Deduplication and Compression – Exactly the same, but different.
One day many years ago, Lori and I’s oldest son held up two sheets of paper and said “These two things are exactly the same, but different!” Now, he’s a very bright individual, he was just young, and didn’t even get how incongruous the statement was. We, being a fun loving family that likes to tease each other on occasion, we of course have not yet let him live it down. It was honestly more than a decade ago, but all is fair, he doesn’t let Lori live down something funny that she did before he was born. It is all in good fun of course.
Why am I bringing up this family story? Because that phrase does come to mind when you start talking about deduplication and compression. Highly complimentary and very similar, they are pretty much “Exactly the same, but different”. Since these technologies are both used pretty heavily in WAN Optimization, and are growing in use on storage products, this topic intrigued me.
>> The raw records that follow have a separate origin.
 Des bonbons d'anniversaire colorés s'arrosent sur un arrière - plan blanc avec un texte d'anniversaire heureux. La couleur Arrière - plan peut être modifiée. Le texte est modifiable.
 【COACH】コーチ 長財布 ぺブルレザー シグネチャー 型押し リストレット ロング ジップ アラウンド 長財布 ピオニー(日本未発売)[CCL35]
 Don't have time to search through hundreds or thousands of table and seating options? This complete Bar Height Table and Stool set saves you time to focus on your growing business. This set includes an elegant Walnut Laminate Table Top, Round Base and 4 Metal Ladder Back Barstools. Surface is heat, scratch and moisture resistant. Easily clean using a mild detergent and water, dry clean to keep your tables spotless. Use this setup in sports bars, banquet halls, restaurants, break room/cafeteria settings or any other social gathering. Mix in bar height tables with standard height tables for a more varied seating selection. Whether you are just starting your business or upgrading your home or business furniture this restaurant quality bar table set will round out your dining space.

To get this out of the way, at F5, compression is built into the BIG-IP family as a feature of the core BIG-IP LTM product, and deduplication is an added layer implemented over BIG-IP LTM on BIG-IP WAN Optimization Module (WOM). Other vendors have similar but varied (there goes a variant of that phrase again) implementation details.
Before we delve too deeply into this topic though, what caught my attention and started me pondering the whys of this topic was that F5’s deduplication is applied before compression, and it seems that reversing the order changes performance characteristics. I love a good puzzle, and while the fact that one should come before the other was no surprise, I started wanting to know why the order it was, and what the impact of reversing them in processing might be. So I started working to understand the details of implementation for these two technologies. Not understand them from an F5 perspective, though that is certainly where I started, but try to understand how they interact and compliment each other.
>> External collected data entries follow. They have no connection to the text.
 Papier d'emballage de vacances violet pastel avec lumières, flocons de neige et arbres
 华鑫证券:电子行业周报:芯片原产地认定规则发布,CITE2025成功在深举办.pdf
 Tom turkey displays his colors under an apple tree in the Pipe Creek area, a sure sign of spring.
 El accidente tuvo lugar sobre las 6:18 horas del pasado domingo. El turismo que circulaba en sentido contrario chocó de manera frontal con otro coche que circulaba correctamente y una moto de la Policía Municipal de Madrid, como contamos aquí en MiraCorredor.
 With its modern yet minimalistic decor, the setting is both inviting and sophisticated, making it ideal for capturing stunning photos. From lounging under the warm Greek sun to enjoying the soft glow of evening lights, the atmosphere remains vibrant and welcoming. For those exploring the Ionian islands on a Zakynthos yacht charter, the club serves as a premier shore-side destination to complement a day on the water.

While much of this discussion also applies to in-place compression and deduplication such as that used on many storage devices, some of it does not, so assume that I am talking about networking, specifically WAN networking, throughout this blog.
At the very highest level, deduplication and compression are the same thing. They both look for ways to shrink your dataset before passing it along. After that, it gets a bit more complex. If it was really that simple, after all, we wouldn’t call them two different things. Well, okay, we might, IT has a way of having competing standards, product categories, even jobs that we lump together with the same name. But still, they wouldn’t warrant two different names in the same product like F5 does with BIG-IP WOM.
The thing is that compression can do transformations to data to shrink it, and it also looks for small groupings of repetitive byte patterns and replaces them, while deduplication looks for larger groupings of repetitive byte patterns and replaces them.
In the implementation you’ll see on BIG-IP WOM, deduplication looks for larger byte patterns repeated across all streams, while compression applies transformations to the data, and when removing duplication only looks for smaller combinations on a single stream. The net result? The two are very complimentary, but if you run compression before deduplication, it will find a whole collection of small repeating byte patterns and between that and transformations, deduplication will find nothing, making compression work harder and deduplication spin its wheels.
There are other differences – because deduplication deals with large runs of repetitive data (I believe that in BIG-IP the minimum size is over a K), it uses some form of caching to hold patterns that duplicates can match, and the larger the caching, the more strings of bytes you have to compare to. This introduces some fun around where the cache should be stored. In memory is fast, but limited in size, on flash disk is fast and has a greater size, but is expensive, and on disk is slow but has a huge advantage in size. Good deduplication engines can support all three and thus are customizable to what your organization needs and can afford.
Some workloads just won’t benefit from one, but will get a huge benefit from the other. The extremes are good examples of this phenomenon – if you have a lot of in-the-stream repetitive data that is too small for deduplication to pick up, and little or no cross-stream duplication, then deduplication will be of limited use to you, and the act of running through the dedupe engine might actually degrade performance a negligible amount – of course, everything is algorithm dependent, so depending upon your vendor it might degrade performance a large amount also. On the other extreme, if you have a lot of large byte count duplication across streams, but very little within a given stream, deduplication is going to save your day, while compression will, at best, offer you a little benefit.
So yes, they’re exactly the same from the 50,000 foot view, but very very different from the benefits and use cases view. And they’re very complimentary, giving you more bang for the buck.